What happens if the separability assumption does not hold?

If the separability assumption is violated, the balancing property that underpins CP-Fuse’s protection can no longer be guaranteed. That said, Appendix B of the paper [1] includes ablation studies across varying degrees of overlap between training datasets, demonstrating robustness to moderate violations of this assumption. Nevertheless, CP-Fuse provides no formal guarantees in this setting, and highly overlapping data may still lead to long verbatim reproductions. A theoretical analysis of worst-case behavior—such as bounds on the length of copied segments as overlap increases—remains an important direction for future work.

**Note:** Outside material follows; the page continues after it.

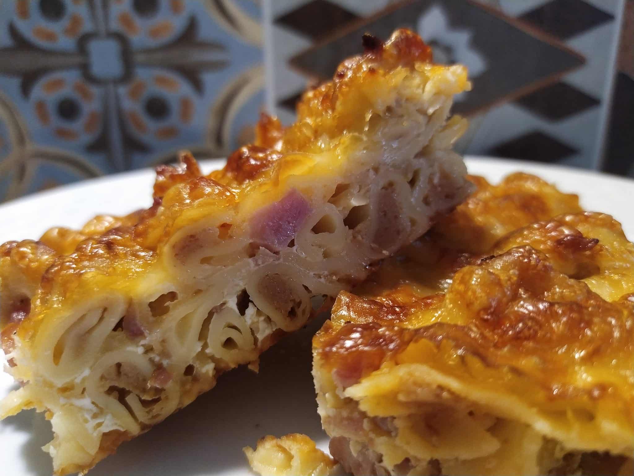 Σε ταψί ή πυρέξ ρίχνουμε εδώ κι εκεί τριμμένη γκούντα στον πάτο και αδειάζουμε το μίγμα με τα τορτελίνια το οποίο απλώνουμε (ανάλογα και το σκεύος βέβαια το πάχος είναι ένα δύο δάχτυλα … οριζόντια εννοείται). Πάνω τους ρίχνουμε την υπόλοιπη τριμμένη γκούντα και από πάνω με σχολαστικότητα να πάει παντού, τη δεύτερη κρέμα γάλακτος. Αλάτι δε βάζουμε καθόλου γιατί το φαγητό το αλατίζει ικανοποιητικά το μπέικον.

Are there ethical or legal considerations when deploying CP-Fuse?

We emphasize that real-world deployments of CP-Fuse may be subject to legal and contractual constraints related to dataset and model usage. Copyright protection for language models remains a complex and evolving area, with no clear legislative consensus on what constitutes infringement. Accordingly, we refrain from providing legal guidance and encourage practitioners to consult qualified legal experts when deploying such systems.

References

[1] Javier Abad, Konstantin Donhauser, Francesco Pinto, and Fanny Yang. “Copyright-Protected Language Generation via Adaptive Model Fusion.” International Conference on Learning Representations (ICLR) (2025).

[2] Nikhil Vyas, Sham Kakade, and Boaz Barak. “On Provable Copyright Protection for Generative Models.” International Conference on Machine Learning (ICML) (2023).

[3] Abhimanyu Hans, Yuxin Wen, Neel Jain, John Kirchenbauer, Hamid Kazemi, Prajwal Singhania, Siddharth Singh, Gowthami Somepalli, Jonas Geiping, Abhinav Bhatele, and Tom Goldstein. “Be like a Goldfish, Don’t Memorize! Mitigating Memorization in Generative LLMs.” Neural Information Processing Systems (NeurIPS) (2024).